Search the records for the string "chǎn", then copy each line where it appears.

** Opening EXERCISE DATA block **

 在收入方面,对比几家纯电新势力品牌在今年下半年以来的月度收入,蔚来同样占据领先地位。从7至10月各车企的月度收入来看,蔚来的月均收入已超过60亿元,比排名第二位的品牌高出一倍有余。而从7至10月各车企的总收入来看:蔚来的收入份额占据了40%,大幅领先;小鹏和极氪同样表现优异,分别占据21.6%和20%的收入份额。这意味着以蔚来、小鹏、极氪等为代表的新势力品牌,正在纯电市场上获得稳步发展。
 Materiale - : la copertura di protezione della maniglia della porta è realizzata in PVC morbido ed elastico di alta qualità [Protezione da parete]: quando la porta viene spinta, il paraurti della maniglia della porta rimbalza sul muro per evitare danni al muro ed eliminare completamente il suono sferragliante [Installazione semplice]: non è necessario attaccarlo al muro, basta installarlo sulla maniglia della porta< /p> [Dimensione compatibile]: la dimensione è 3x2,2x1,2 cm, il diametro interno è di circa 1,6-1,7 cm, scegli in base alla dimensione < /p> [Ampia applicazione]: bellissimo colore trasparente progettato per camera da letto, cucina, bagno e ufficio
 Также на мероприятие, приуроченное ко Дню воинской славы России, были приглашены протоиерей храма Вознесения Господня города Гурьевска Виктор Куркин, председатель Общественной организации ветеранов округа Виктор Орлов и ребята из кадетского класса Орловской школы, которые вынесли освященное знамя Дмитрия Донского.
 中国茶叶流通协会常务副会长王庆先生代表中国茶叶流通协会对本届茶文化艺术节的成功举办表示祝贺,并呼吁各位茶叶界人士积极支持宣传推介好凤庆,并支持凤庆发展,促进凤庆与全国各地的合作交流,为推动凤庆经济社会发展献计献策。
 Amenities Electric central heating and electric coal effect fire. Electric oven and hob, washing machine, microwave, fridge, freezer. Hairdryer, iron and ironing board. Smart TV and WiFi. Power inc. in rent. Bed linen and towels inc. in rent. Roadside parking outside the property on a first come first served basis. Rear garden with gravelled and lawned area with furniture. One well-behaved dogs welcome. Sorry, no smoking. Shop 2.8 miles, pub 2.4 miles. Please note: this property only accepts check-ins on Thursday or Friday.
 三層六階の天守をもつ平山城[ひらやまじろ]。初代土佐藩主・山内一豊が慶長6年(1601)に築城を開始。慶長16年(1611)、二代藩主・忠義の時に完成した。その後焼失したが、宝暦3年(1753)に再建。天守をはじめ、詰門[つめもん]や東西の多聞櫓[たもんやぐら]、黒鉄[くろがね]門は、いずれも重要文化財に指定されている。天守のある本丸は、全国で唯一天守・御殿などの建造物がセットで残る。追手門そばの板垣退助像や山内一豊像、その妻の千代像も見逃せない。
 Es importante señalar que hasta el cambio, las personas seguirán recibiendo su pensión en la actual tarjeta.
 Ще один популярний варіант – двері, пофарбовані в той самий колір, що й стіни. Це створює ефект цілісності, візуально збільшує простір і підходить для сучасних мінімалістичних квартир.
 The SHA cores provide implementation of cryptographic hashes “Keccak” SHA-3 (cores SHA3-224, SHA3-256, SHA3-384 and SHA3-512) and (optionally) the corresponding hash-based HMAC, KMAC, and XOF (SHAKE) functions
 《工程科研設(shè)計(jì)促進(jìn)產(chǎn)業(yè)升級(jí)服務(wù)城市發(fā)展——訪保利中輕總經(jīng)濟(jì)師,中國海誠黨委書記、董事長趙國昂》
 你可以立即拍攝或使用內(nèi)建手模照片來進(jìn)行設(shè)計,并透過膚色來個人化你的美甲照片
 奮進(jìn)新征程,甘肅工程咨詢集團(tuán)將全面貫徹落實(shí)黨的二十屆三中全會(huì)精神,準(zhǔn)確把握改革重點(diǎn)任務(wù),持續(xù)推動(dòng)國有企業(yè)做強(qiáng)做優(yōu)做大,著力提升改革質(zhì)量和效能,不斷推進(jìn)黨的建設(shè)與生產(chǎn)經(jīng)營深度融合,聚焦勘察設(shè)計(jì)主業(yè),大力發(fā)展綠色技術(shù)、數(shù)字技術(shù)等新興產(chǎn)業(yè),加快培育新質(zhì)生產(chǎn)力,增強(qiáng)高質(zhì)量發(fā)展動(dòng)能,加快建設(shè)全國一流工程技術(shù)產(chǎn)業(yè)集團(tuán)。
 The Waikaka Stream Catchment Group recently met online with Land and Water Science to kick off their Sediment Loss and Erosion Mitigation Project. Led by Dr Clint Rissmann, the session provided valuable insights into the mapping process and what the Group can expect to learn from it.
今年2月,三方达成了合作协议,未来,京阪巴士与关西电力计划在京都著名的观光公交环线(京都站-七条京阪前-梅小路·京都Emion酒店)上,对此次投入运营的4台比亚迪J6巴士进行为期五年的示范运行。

** Closing EXERCISE DATA block **

SOLVED PROBLEM:
 《工程科研設(shè)計(jì)促進(jìn)產(chǎn)業(yè)升級(jí)服務(wù)城市發(fā)展——訪保利中輕總經(jīng)濟(jì)師,中國海誠黨委書記、董事長趙國昂》
 奮進(jìn)新征程,甘肅工程咨詢集團(tuán)將全面貫徹落實(shí)黨的二十屆三中全會(huì)精神,準(zhǔn)確把握改革重點(diǎn)任務(wù),持續(xù)推動(dòng)國有企業(yè)做強(qiáng)做優(yōu)做大,著力提升改革質(zhì)量和效能,不斷推進(jìn)黨的建設(shè)與生產(chǎn)經(jīng)營深度融合,聚焦勘察設(shè)計(jì)主業(yè),大力發(fā)展綠色技術(shù)、數(shù)字技術(shù)等新興產(chǎn)業(yè),加快培育新質(zhì)生產(chǎn)力,增強(qiáng)高質(zhì)量發(fā)展動(dòng)能,加快建設(shè)全國一流工程技術(shù)產(chǎn)業(yè)集團(tuán)。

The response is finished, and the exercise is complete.